Lira: reforma administrativa

O presidente voltou a defender as reformas estruturantes para a retomada do crescimento do País e avaliou que a reforma administrativa pode tramitar mais rápido do que a tributária.

Segundo Lira, a proposta deve ser aprovado na Comissão de Constituição e Justiça e de Cidadania em 15 dias e seguirá para uma comissão especial para análise do mérito. Ele disse ainda que já há relator e presidente escolhidos, mas não informou os nomes. Lira acredita que as duas reformas podem ser aprovadas na Câmara ainda neste ano.

CPI da Covid

Lira também reafirmou ser contrário a uma Comissão Parlamentar de Inquérito para investigar a condução do governo em relação à pandemia da Covid-19. Segundo ele, uma CPI neste momento de recrudescimento da pandemia não vai ajudar em nada na diminuição do número de mortes nem no aumento de vacinas. “Quem errou, já está pago, já se sabe, já temos as informações”, disse.

Ele defendeu que o Congresso esteja focado em votar as reformas estruturantes e em melhorar a renda do brasileiro. Lira destacou a necessidade de se pensar o mais rápido possível uma saída para o fim do auxílio emergencial.
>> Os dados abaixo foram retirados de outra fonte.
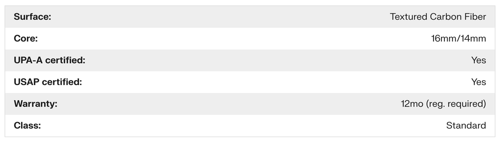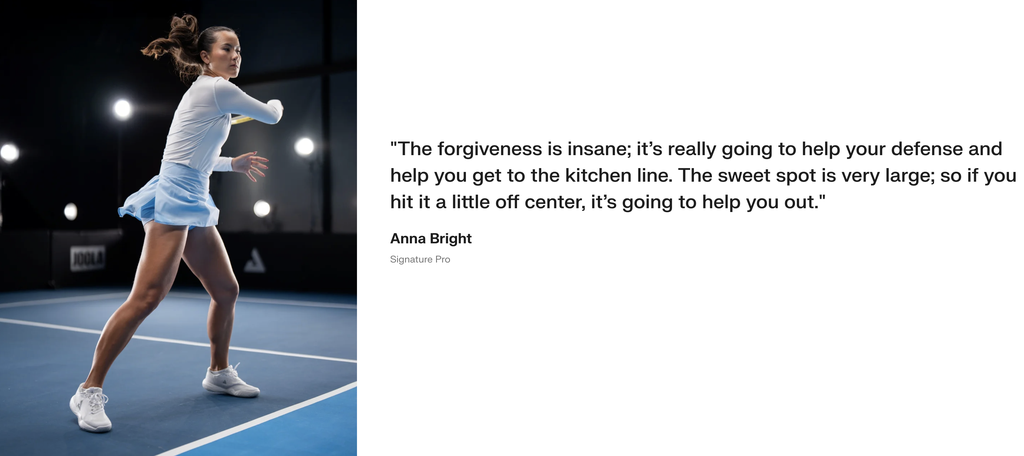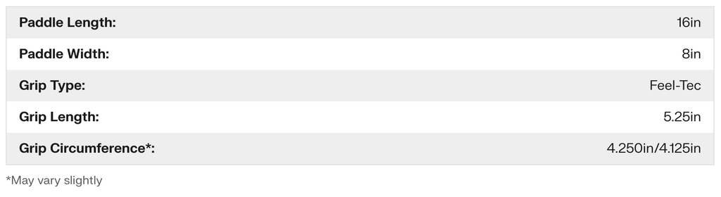 That's why it's the signature paddle of Anna Bright and Collin Johns. Go with Anna's 16mm paddle for a bit more weight (8.2oz) and a slimmer grip (4.125in) or choose Anna's 14mm paddle for a bit less weight (8.0oz) with the same slimmer grip (4.125in).

“Tínhamos que estar focados para o final do auxílio para ter um modelo para substituir o Bolsa Família, mais inclusivo. Precisamos discutir, além dos problemas pandêmicos, os problemas sociais e econômicos. O governo não pode ficar à margem da discussão da fome”, afirmou.

Impeachment

Lira afirmou ainda que não é momento de debater o impeachment do presidente Jair Bolsonaro, devido à gravidade da pandemia, mas que o assunto deve ser analisado com a oportunidade e a conveniência adequadas. Ele avaliou que esse movimento em defesa do impedimento do presidente da República revela a divisão política do Brasil.

“Quem errou, se errou, cometeu dolos ou falta de boa gestão, será responsabilizado no tempo adequado. Eu encaro com naturalidade e, no tempo adequado e de forma responsável, analisaremos esses pedidos. Considero normal e democrático para que qualquer grupo político se mobilize”, disse.